Why paste instead of typing each character? Speed and reliability. Simulating individual keystrokes fails with special characters, non-ASCII text, and apps that have custom key handling. A single paste operation works everywhere that supports Cmd+V — which is everything.

Accessibility permission is required for simulating the paste keystroke. This is the same permission needed for the global hotkey — one grant covers both.

Voice Activity Detection

VAD provides automatic silence-based stop for hold-to-talk mode. It uses energy-based detection with a 100ms analysis window. On launch, a 0.5-second calibration period measures ambient noise to set the baseline.
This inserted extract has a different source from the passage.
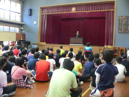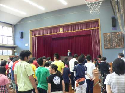 10月4日(金)前期終業式が体育館で行われ、元気に校歌を歌ったあと校長先生から二つのお話がありました。一つ目は、台風18号についてです。「山のふもとや川のそばでは雨による災害が大きくなります。自分の命を守ることや、その準備について普段から考えていきましょう。」二つ目は「前期に頑張ったことを振り返り、4月から取り組んできた挨拶・言葉使い・身だしなみに 後期では整理・整頓にも取り組み、友だちと協力すること、人とのコミュニケーションの力をつけていきましょう」とのお話をしていただきました。今日は、ご家庭に通知表を持って帰ります。頑張ったところをたくさんほめてもらいたいと思います。
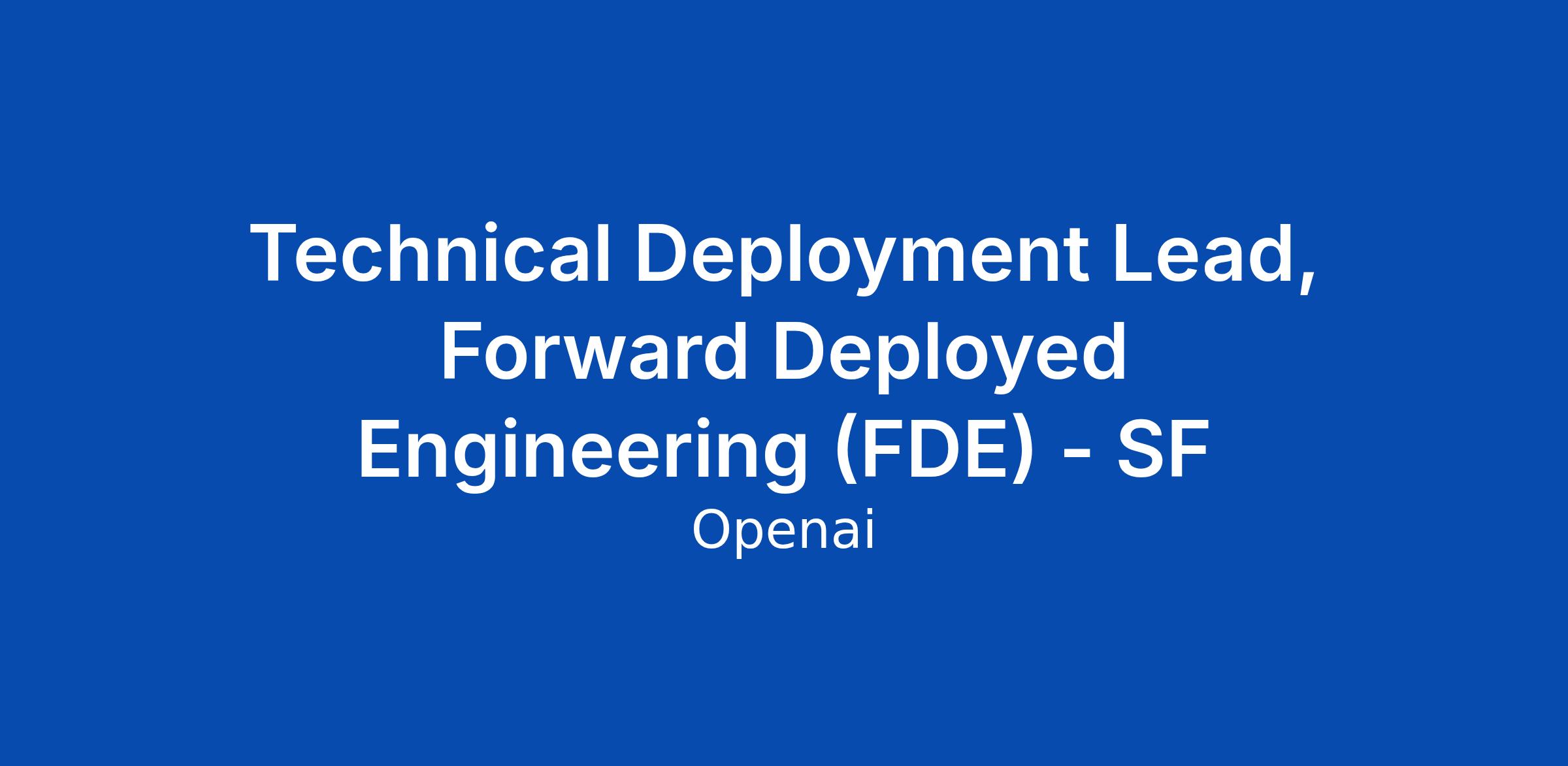 Technical Deployment Lead, Forward Deployed Engineering (FDE) - SF

After at least 3 seconds of recording (to avoid premature stops), if silence exceeds the timeout (default 3 seconds), VAD triggers stop. The minimum recording threshold prevents the app from stopping before the user has had a chance to speak.

Reference

System defaults.

Every value that ships with VoiceNative. No hidden configuration.

ParameterValueWhy
Target sample rate16,000 HzWhisper's expected input
Channels1 (mono)Whisper is mono-only
Tap buffer size4,096 framesBalance between latency and callback frequency
Max recording300s (5 min)Same as macOS dictation default
Min duration for transcription0.3sBelow this, nothing useful to transcribe
HotkeyRight Shift (60)Rarely used alone; no conflict with typing
Cancel keyEscape (53)Standard macOS cancel idiom
Keepalive interval120sJust under ANE's unload timeout
Prewarm samples8,000 (0.5s)Minimum to trigger pipeline; negligible cost
Wake delay3sSystem stabilization after sleep
Streaming chunk30s at native rateWhisper's max input window
Streaming poll5sBalance between latency and CPU usage
Transcription timeoutmax(30s, 2× audio)Dynamic; prevents hangs on edge cases
Normalization peak0.95Headroom to prevent clipping
Max normalization gain20×Safety limit; prevents noise amplification
VAD window100msEnergy analysis resolution
VAD calibration0.5sAmbient noise baseline measurement
Silence timeout3.0sHold-to-talk auto-stop threshold
Min recording before VAD3.0sPrevents premature stop
Icon feedback1.5sDuration of menu bar icon state feedback
Get Started

Install.

From DMG

  1. Download from Releases
  2. Open the DMG, drag VoiceNative to Applications
  3. Grant Microphone and Accessibility permissions when prompted
  4. Wait ~90 seconds on first launch for model download + Neural Engine compilation

Build from source

Requires macOS 15 (Sequoia) and Xcode 16+.

git clone https://github.com/triggeredcode/voicenative.git
cd voicenative
make dmg

Permissions

PermissionWhy
MicrophoneAudio capture via AVAudioEngine
AccessibilityGlobal hotkey detection (NSEvent) + simulated Cmd+V paste

Both permissions are requested on first launch. Grant them in System Settings → Privacy & Security.